> DATASET EXCERPT:
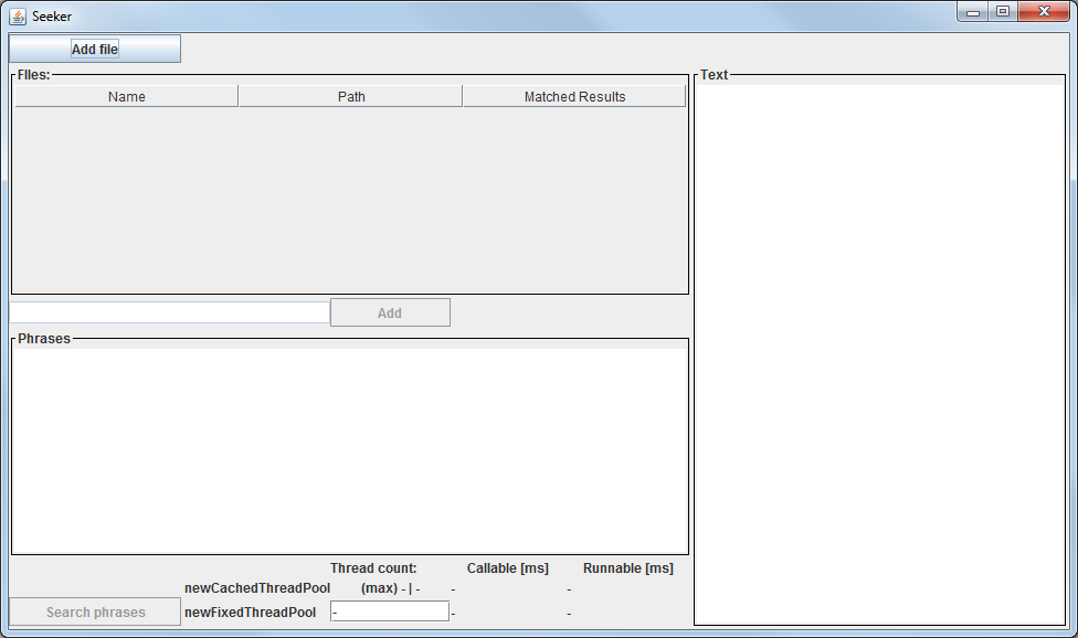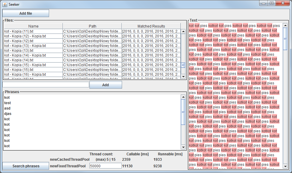 The application is intended for searching multiple phrases in multiple text files simultaneously. Is compares implementation of Runnable and Callable interfaces and methods of Executors class: newFixedThreadPool(int) and newCachedThreadPool().
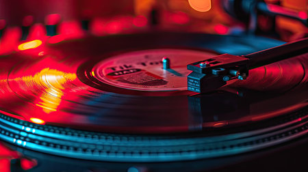 Close-up of a vintage vinyl record spinning on a turntable, capturing the nostalgia and warmth of analog music playback. The image highlights the grooves and red label of the record.
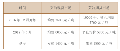 该案例中上海佰融公司经过决策,制定了卖出菜油1705合约进行保值的策略。
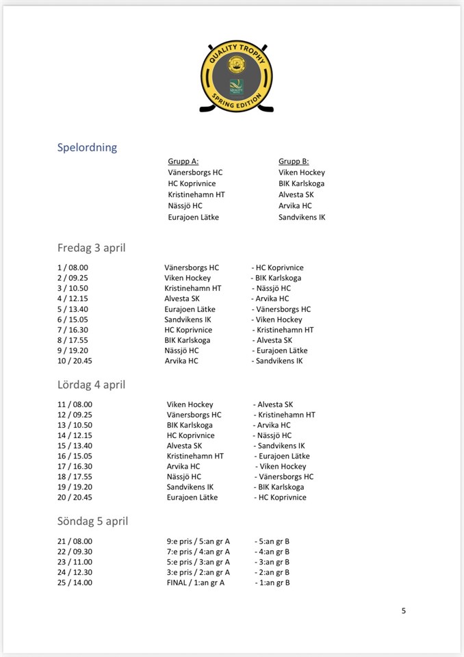 | 2. | (5) | Hammarö HC Team 17 (U-9) |

> EXERCISE REQUIREMENTS: Repeat the listing word for word. Leave images out.

> SOLUTION TO THE EXERCISE:
 The application is intended for searching multiple phrases in multiple text files simultaneously. Is compares implementation of Runnable and Callable interfaces and methods of Executors class: newFixedThreadPool(int) and newCachedThreadPool().
 Close-up of a vintage vinyl record spinning on a turntable, capturing the nostalgia and warmth of analog music playback. The image highlights the grooves and red label of the record.
 该案例中上海佰融公司经过决策,制定了卖出菜油1705合约进行保值的策略。
 | 2. | (5) | Hammarö HC Team 17 (U-9) |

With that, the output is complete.